Sunk costs are the costs that cant be recovered.

Do you know what sunk costs are? Luckily, this article will teach you all about sunk costs and what it means. A sunk cost is basically a cost that has already been committed and cannot be regained in business decision-making.

What Are Sunk Costs?

In economics and finance, sunk costs are bygones and you should not consider them while deciding whether to pursue an investment project. Expenses on rent, payroll, research, marketing, advertising, and purchase of equipment and machinery are all examples of sunk costs.

All sunk costs are fixed costs, even if you can resell or return tangible items like a piece of equipment. In addition, the cost basis of a previously installed asset will most likely alter the depreciation rate used in an after-tax economic analysis.
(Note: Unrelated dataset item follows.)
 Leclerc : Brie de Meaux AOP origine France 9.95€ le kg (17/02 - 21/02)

Sunk costs aren’t something you should consider in future business decisions. This is because the cost remains constant regardless of the decision’s result. The sunk cost phenomenon stems the principle that one has to spend money to make money. There is a sunk cost fallacy of throwing good money after bad investments. This means that if further investment into a certain business activity will work eventually, then the earlier investments will not be in vain.

Unrecoverable Costs

Organizations should only consider future costs such as inventory purchase costs or product pricing. These are relevant costs and are contrasted with the potential revenue of one choice compared to another.

The original sum one invests is sunk cost. Once spent, these costs shouldn’t affect future pricing decisions. The sunk cost creates a barrier to entry.  If an entrant fails and cannot recover sunk cost and incurs great losses, this may soften the reactions of organizations already in the industry.
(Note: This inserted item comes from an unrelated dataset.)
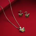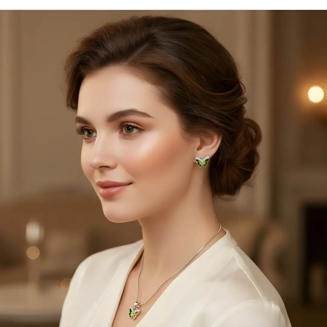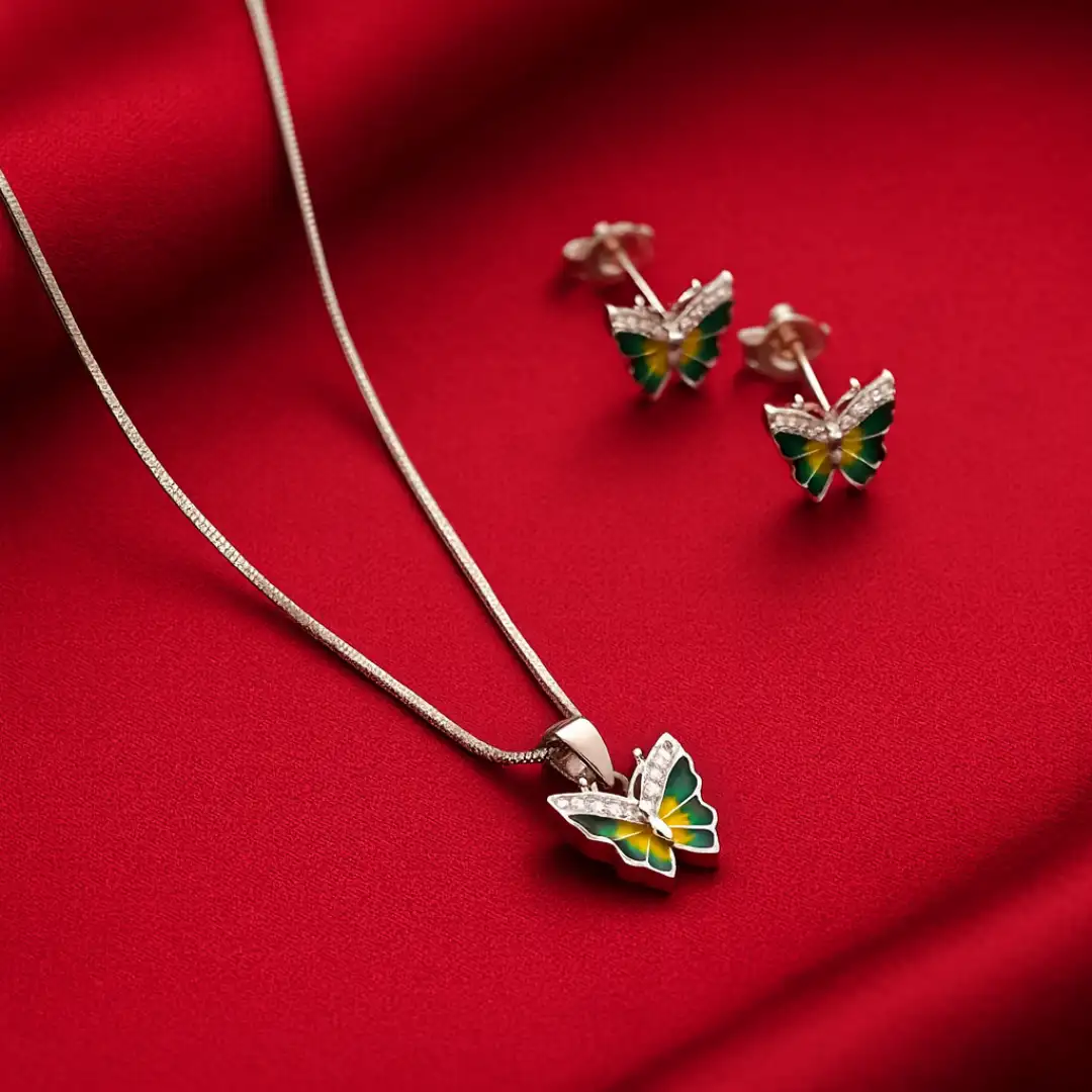 Add a touch of elegance and charm to your collection with this exquisite Silver Butterfly Pendant and Matching Earrings Set. Designed with vibrant green enamel wings and sparkling stone accents, this set captures the beauty of nature and sophistication in one. The lightweight design ensures comfort, making it perfect for both casual and festive wear.

Sunk costs are the money that has already been spent for investing and aren’t recoverable. Sunk costs or expenses that incurred earlier in any manner should not be used as a basis for making future business decisions.
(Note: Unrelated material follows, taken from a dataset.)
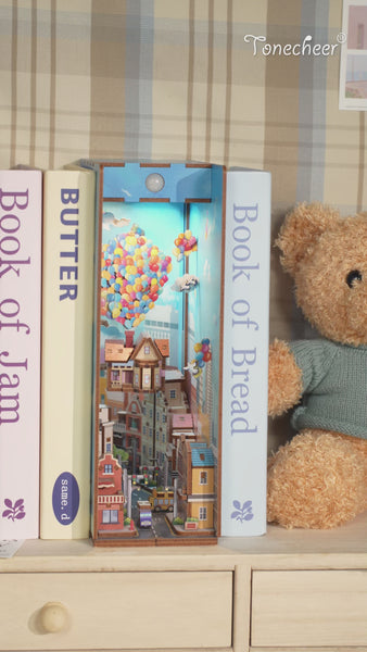 Pacelieties pāri ikdienai un dodieties sapņainā piedzīvojumā ar ekskluzīvu grāmatu balstu-mājiņu "Ceļojums ar gaisa baloniem". Šis burvīgais "dari pats" konstruktors aizved uz fantāzijas pasauli, kur mazā mājiņa paceļas augšup, nesama krāsainu gaisa balonu, it kā aicinot sekot sapņiem un doties tur, kur ved iztēle.

Personal Example of Sunk Cost

A simple example of a sunk cost involves purchasing a ticket to watch a basketball game. Suddenly, you have an emergency and cannot go to the stadium. The cost of purchasing the ticket is a sunk cost, as it cannot be recovered.

Sunk Cost in Business

In businesses, research and development costs are sunk costs, as there is no way to recover these costs. For example, company ‘Z’ has spent a large sum of funds on a specific project ‘X,’ but this project could not yield any result. The company ‘Z’ can choose to consider the investment in the project as a sunk cost and move to a new project. Assume the corporation considers the sunk cost and continues to explore the same project hoping that additional research will produce the promised outcomes. In that case, it may lead to even higher losses.